Transcribe the listing below exactly, leaving out each image.

(Data section Opens)

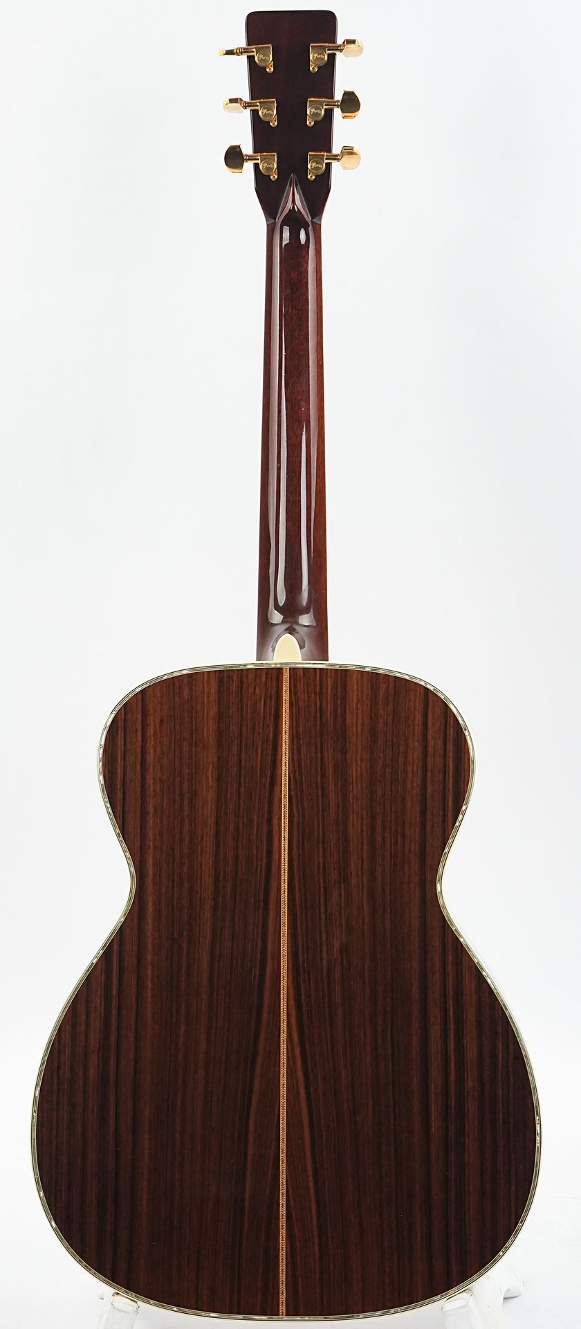 The solid rosewood back and sides provide warm, deep basses and complex overtones, while the solid spruce top with scalloped X-bracing ensures a direct and articulate response. The signature luxurious abalone inlay of the Style 45 series, combined with the comfortable playability of the Orchestra Model shape, makes this guitar a true gem for any player.
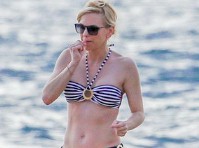 Candids of Anna Faris wearing a striped bikini at the beach in Hawaii!
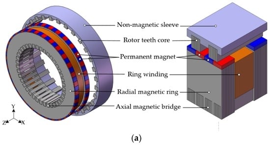 The basic single-phase unit structure is shown in Figure 1a. The stator core is comprised of two radial magnetic rings and several axial magnetic bridges. Both the radial flux ring and the axial flux bridge can be manufactured by silicon-steel sheets, and the direction of lamination is shown in Figure 1a; the armature winding is ring-shaped, and it is fixed in the coil window of stator core; the PMs are radial magnetized and fixed on the outer surface of the radial flux ring, each two adjacent PMs on the same radial flux ring have opposite magnetization direction, and each two axially corresponding PMs on two different radial flux rings also have opposite magnetization direction; the rotor is comprised of rotor teeth cores and a non-magnetic sleeve. Three-phase motor structure can be assembled by arranging three single-phase units along the axial direction with 120° electrical angle difference between each other, as shown in Figure 1b.
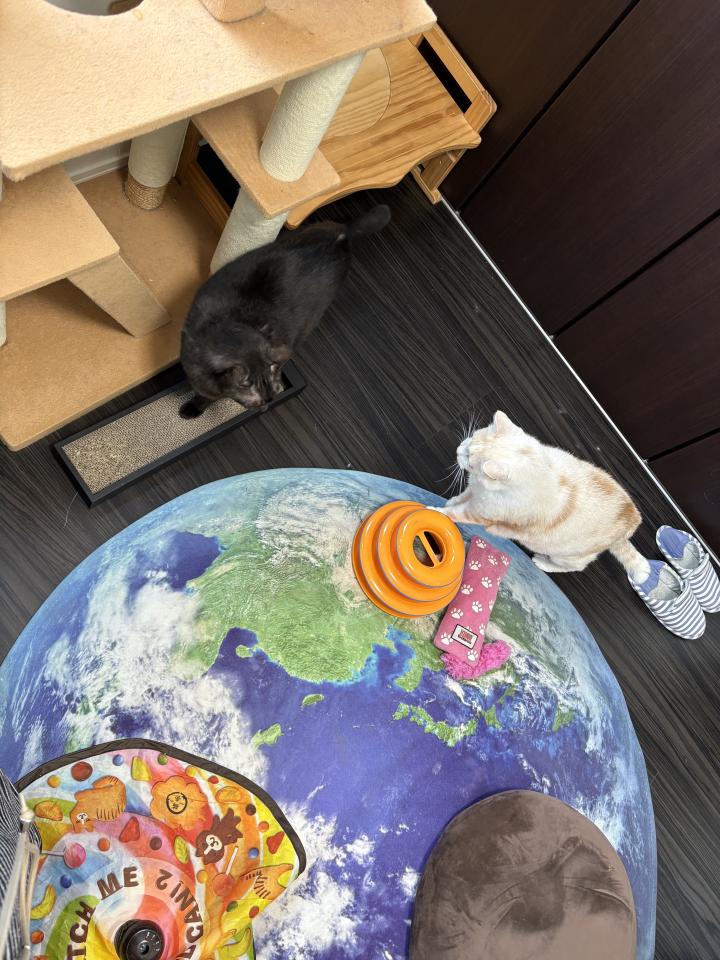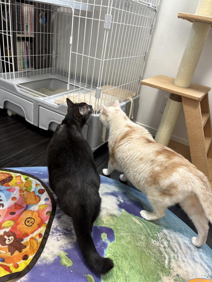 しろうが、なぜかのんちゃんを部屋から追い出したので、そのまま2人とも階下まで行ってもらって柵を閉めました

(Data section Closes)

* **Task response**
 The solid rosewood back and sides provide warm, deep basses and complex overtones, while the solid spruce top with scalloped X-bracing ensures a direct and articulate response. The signature luxurious abalone inlay of the Style 45 series, combined with the comfortable playability of the Orchestra Model shape, makes this guitar a true gem for any player.
 Candids of Anna Faris wearing a striped bikini at the beach in Hawaii!
 The basic single-phase unit structure is shown in Figure 1a. The stator core is comprised of two radial magnetic rings and several axial magnetic bridges. Both the radial flux ring and the axial flux bridge can be manufactured by silicon-steel sheets, and the direction of lamination is shown in Figure 1a; the armature winding is ring-shaped, and it is fixed in the coil window of stator core; the PMs are radial magnetized and fixed on the outer surface of the radial flux ring, each two adjacent PMs on the same radial flux ring have opposite magnetization direction, and each two axially corresponding PMs on two different radial flux rings also have opposite magnetization direction; the rotor is comprised of rotor teeth cores and a non-magnetic sleeve. Three-phase motor structure can be assembled by arranging three single-phase units along the axial direction with 120° electrical angle difference between each other, as shown in Figure 1b.
 しろうが、なぜかのんちゃんを部屋から追い出したので、そのまま2人とも階下まで行ってもらって柵を閉めました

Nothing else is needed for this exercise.